We reject petitioner's suggestion that this case be consolidated with the docket filed by the four limited partners. Such a consolidation would essentially allow petitioner to vitiate the statutory jurisdictional requirements and confer jurisdiction on the Court*509 where a valid petition is not filed during the section 6226 time limits.

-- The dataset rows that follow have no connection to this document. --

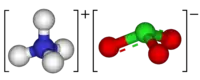 Хлорат аммония — неорганическое соединение, соль аммония и хлорноватой кислоты с формулой NH4ClO3, бесцветные кристаллы, растворяется в воде, взрывоопасен.
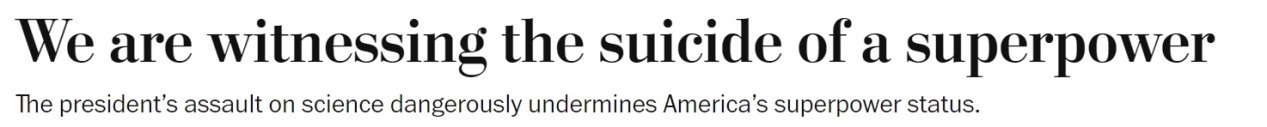 《華盛頓郵報(bào)》也刊文警告,美國(guó)現(xiàn)政府一直宣稱(chēng)要讓美國(guó)“再次偉大”,但如今它卻正在對(duì)美國(guó)實(shí)力的真正來(lái)源——包括對(duì)科學(xué)研究的長(zhǎng)期投資——造成嚴(yán)重的且可能無(wú)法彌補(bǔ)的損害。
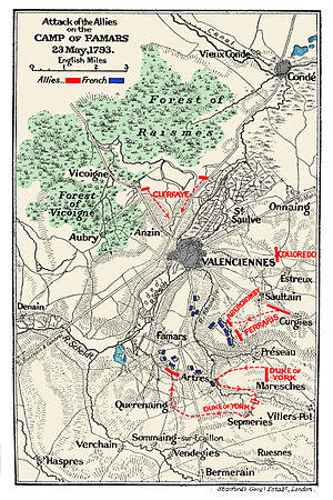 Although the French held their ground to the north Lamarche realised he was in danger of being cut off. Leaving Ferrand to defend Valenciennes, during the night the Republicans withdrew towards Bouchain, Caesar's Camp and Paillencourt.[9] The next morning York attacked, but the French had gone. Colloredo's column from the north were the first to enter the camp.
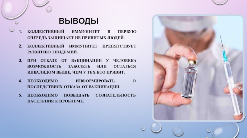 При отказе от вакцинации у человека возможность заболеть или остаться инвалидом выше, чем у тех кто привит.
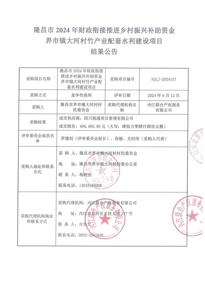 隆昌市2024年财政衔接推进乡村振兴补助资金界市镇大河村竹产业配套水利建设项目结果公告
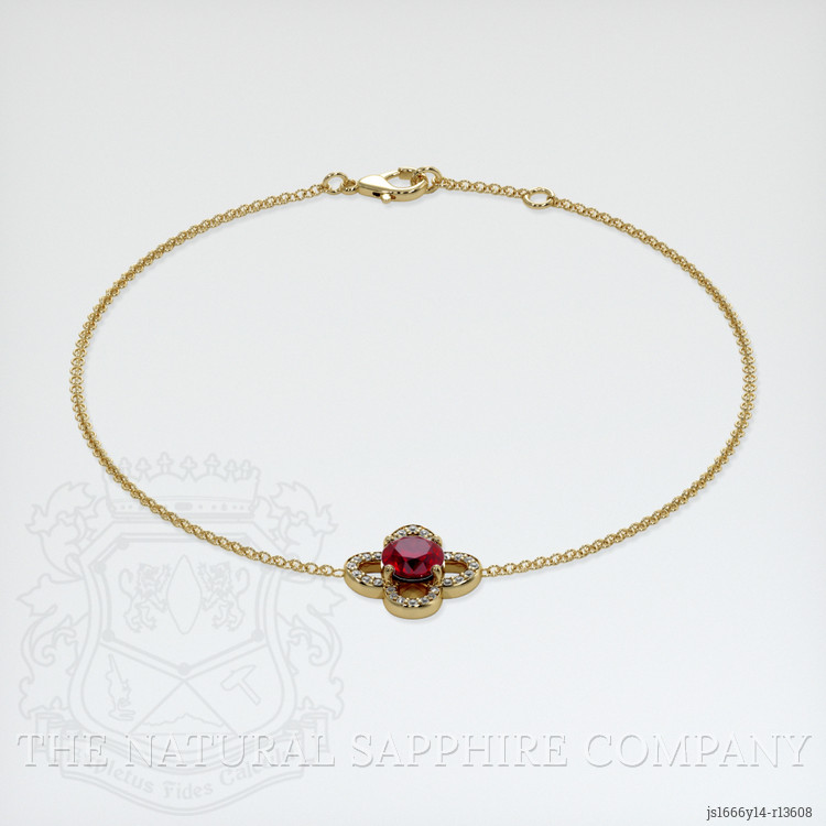 The bracelet features a beautiful, transparent 0.89 carat round shape red ruby with the dimensions of 5.53 x 5.41 x 3.85 mm and a mixed brilliant cut. It has a clarity grade of very slightly included (evaluated at eye level), vivid color saturation, and an excellent polish. The origin of this ruby is Mozambique.

Accordingly, because petitioner's attempt to designate Jahnke as TMP was unsuccessful, we are disposed to allow petitioner an additional 60 days to come forward with the name of an individual who is willing to serve as TMP and ratify the invalid petition in this case. See Montana Sapphire Associates v. Commissioner, 95 T.C. 477">95 T.C. 477, 483-484 (1990). Jahnke is ineligible to serve as TMP because his partnership items have been converted to nonpartnership items.

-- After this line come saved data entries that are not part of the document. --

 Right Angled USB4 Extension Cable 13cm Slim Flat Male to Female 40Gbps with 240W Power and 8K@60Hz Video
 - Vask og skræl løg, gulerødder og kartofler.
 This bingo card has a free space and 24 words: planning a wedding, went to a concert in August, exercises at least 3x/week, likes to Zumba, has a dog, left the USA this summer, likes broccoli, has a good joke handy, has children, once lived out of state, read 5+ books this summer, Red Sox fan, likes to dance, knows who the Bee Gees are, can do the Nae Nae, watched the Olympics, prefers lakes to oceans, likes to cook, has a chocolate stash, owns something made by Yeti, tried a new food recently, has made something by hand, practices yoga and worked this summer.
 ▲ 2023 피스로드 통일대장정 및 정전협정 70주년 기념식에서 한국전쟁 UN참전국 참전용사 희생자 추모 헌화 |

An appropriate order will be issued.


Footnotes

  • 1. Unless otherwise indicated, section references are to the Internal Revenue Code as in effect for the taxable years in issue. Rule references are to the Tax Court Rules of Practice and Procedure.

  • 2. Mo. Ann. Stat. sec. 351.525 (Vernon 1991) provides in pertinent part:

    the directors and officers in office when the forfeiture occurs shall be the trustees of the corporation, * * * and the trustees as such shall have power to sue for and recover the debts and property due the corporation, describing it by its corporate name, and may be sued as such; and the trustees shall be jointly and severally responsible to the creditors and shareholders of the corporation to the extent of its property and effects that shall have come into their hands.

  • 3. These four limited partners have filed a petition in a companion case involving later years presently pending before the Court as partners other than tax matters partner.

  • 4. Respondent was not aware of the issuance date of the notice pertaining to 1982 and 1983; however, in his motion to dismiss, respondent stated that the 1984 notice was issued on October 14, 1988.